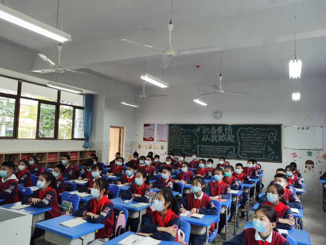复学第一课,各班在班主任分享疫情期间的经历与感受中拉开了序幕。各班围绕“感恩教育、疫情防控常识教育、健康教育、心理教育、安全教育”展开,用身边的“鲜活教材”,激扬起同学们深厚的家国情怀,使其真切感受到幸福生活来之不易。“‘开学第一课’,老师为我们讲解了新冠病毒与如何做好个人防护等知识,教室里还为同学们准备了消毒纸巾、免洗手消毒液、洗手液、备用口罩等防疫物品,谢谢老师们!”五(3)班的杨朱熠开心地说。
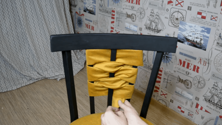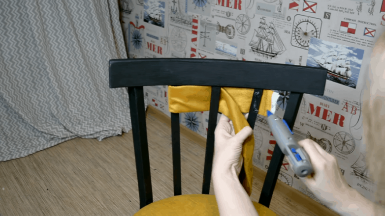 Украшаем спинку при помощи все той же обивочной ткани. Из остатков делаем широкую ленту, которой должно хватить для того, чтобы обвить спинку. Закрепляем начало ленты на боковой прут при помощи клея и даем высохнуть.
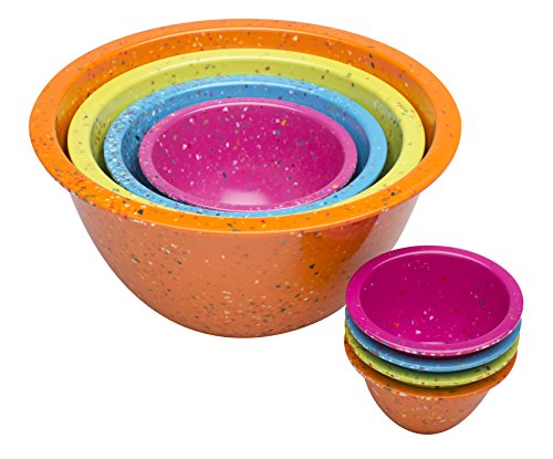 Mix it up with cheerful Confetti kitchenware! Nest to Save Space The bowl set is a vibrant statement whether used individually or nested together, and they make storage easy. These salad bowls nest together efficiently to help declutter kitchen cupboards. Great Everyday Kitchen Set This mixing bowl set contains four different sizes (4 quarts, 2. 5 quarts, 1. 25 quarts, and 18 ounces) that are suited for a variety of different situations. Aesthetic and Functional The Confetti line makes a vibrant 1950’s statement with an unmistakably modern feel, perfect for both everyday use and special occasions. Fun, inspiring colors let your creativity guide you to mix and match with everyday dinnerware and serveware. Convenient and Dishwasher Safe This premium melamine nesting bowl set is dishwasher safe to make clean-up a hassle-free affair. In addition to being easy to clean, it’s made completely BPA-free to keep you and your family that much safer as you dine. Do not use in the microwave or oven. Made of durable and melamine material. BPA-free – your family’s safety is our priority. Dishwasher safe, do not microwave. Capacity: 4 quart, 2-1/2 quart, 1-1/4 quart, and 18 ounce. Color: Assorted – Orange.

→ Problem statement: Drop every picture from the data, then output all the rest exactly.

→ Answer space:
复学第一课,各班在班主任分享疫情期间的经历与感受中拉开了序幕。各班围绕“感恩教育、疫情防控常识教育、健康教育、心理教育、安全教育”展开,用身边的“鲜活教材”,激扬起同学们深厚的家国情怀,使其真切感受到幸福生活来之不易。“‘开学第一课’,老师为我们讲解了新冠病毒与如何做好个人防护等知识,教室里还为同学们准备了消毒纸巾、免洗手消毒液、洗手液、备用口罩等防疫物品,谢谢老师们!”五(3)班的杨朱熠开心地说。
 Украшаем спинку при помощи все той же обивочной ткани. Из остатков делаем широкую ленту, которой должно хватить для того, чтобы обвить спинку. Закрепляем начало ленты на боковой прут при помощи клея и даем высохнуть.
 Mix it up with cheerful Confetti kitchenware! Nest to Save Space The bowl set is a vibrant statement whether used individually or nested together, and they make storage easy. These salad bowls nest together efficiently to help declutter kitchen cupboards. Great Everyday Kitchen Set This mixing bowl set contains four different sizes (4 quarts, 2. 5 quarts, 1. 25 quarts, and 18 ounces) that are suited for a variety of different situations. Aesthetic and Functional The Confetti line makes a vibrant 1950’s statement with an unmistakably modern feel, perfect for both everyday use and special occasions. Fun, inspiring colors let your creativity guide you to mix and match with everyday dinnerware and serveware. Convenient and Dishwasher Safe This premium melamine nesting bowl set is dishwasher safe to make clean-up a hassle-free affair. In addition to being easy to clean, it’s made completely BPA-free to keep you and your family that much safer as you dine. Do not use in the microwave or oven. Made of durable and melamine material. BPA-free – your family’s safety is our priority. Dishwasher safe, do not microwave. Capacity: 4 quart, 2-1/2 quart, 1-1/4 quart, and 18 ounce. Color: Assorted – Orange.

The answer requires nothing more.